Пробыв в Нью-Йорке два дня, я безуспешно попытался дозвониться в Принстон до фон Неймана, который был в Принстоне, потом решил позвонить прямо в институт. Должен признаться, что мой первый звонок из американской телефонной будки стал для меня своеобразным приобретением опыта. Когда телефонистка сказала мне: «Hold the wire», я не понял и спросил: «Which wire should I hold?»[8] Мне удалось поговорить с Соломоном Лефшецом, профессором университета, который объяснил мне, как добраться в Принстон из Нью-Йорка. Он сказал, что это совсем просто и что поезда ходят ежечасно. Я никак не мог этого понять. Мне было известно, что Принстон очень маленький городок, с чего бы это поездам ходить туда каждый час? Тогда я еще не знал, что он находится на главной линии до Филадельфии и Вашингтона.

В Принстоне я первым делом прошел регистрацию в Институте перспективных исследований, разместившемся в стенах университетского здания Файн Холла, поскольку собственных помещений у института тогда еще не было. Меня приняли молодая и хорошенькая мисс Флемминг и мисс Блэйк, которая была постарше. Я был встречен с улыбками. Это удивило меня и заставило подумать, не было ли чего-то забавного в том, как я был одет и были ли как следует застегнуты пуговицы на моих брюках (застежек-молний в то время еще не придумали).

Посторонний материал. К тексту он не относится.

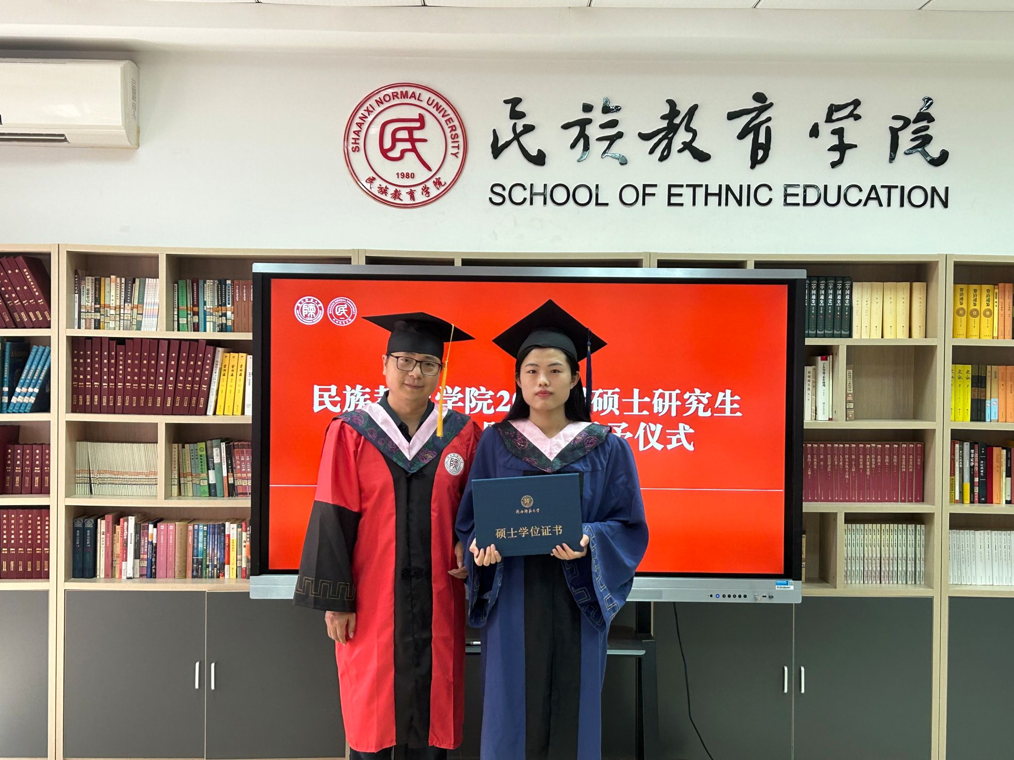 龙宝新教授为毕业生们逐一正冠拨穗、颁发硕士学位证书,并合影。

Зарегистрировавшись в пансионе, я прямиком отправился к фон Нейману, в его большой и внушительный дом. Меня впустила служанка-негритянка, и я увидел в гостиной Соломона Бохнера и маленького ребенка, ползающего по полу (это была дочь фон Неймана Марина, которой в то время было шесть месяцев). Мариетта, его первая жена, которая тоже была венгеркой, поприветствовала меня. С Бохнером я уже был знаком, так как раньше мы вели математическую переписку. Он и фон Нейман говорили о политике. Говоря о возможности войны в Европе, фон Нейман был преисполнен пессимизма. (Это было за три года до начала войны.) Он, по-видимому, довольно ясно представлял себе картину надвигавшейся катастрофы. В России он видел главного противника нацистской Германии. Полагая, что французская армия сильна, я спросил: «А как же Франция?» На что он ответил мне: «Что вы! Франция не будет иметь никакого значения.» И это были действительно пророческие слова.

Отведенные мне комнаты были, если я не ошибаюсь, на Вандевантер Стрит. Там жили еще шесть или семь человек, студенты и не только, и все мы ели за одним столом. Помню, как поначалу я не понимал ни слова из их беседы, хоть и знал английский. Американский акцент застиг меня врасплох, и я не слышал большую часть из того, что говорилось вокруг меня. Через неделю я понимал все. Это типичный случай, причем в отношении не только языков, но и математики дискретного процесса. Сначала полный ноль, ничего, и вдруг ты понимаешь, что к чему.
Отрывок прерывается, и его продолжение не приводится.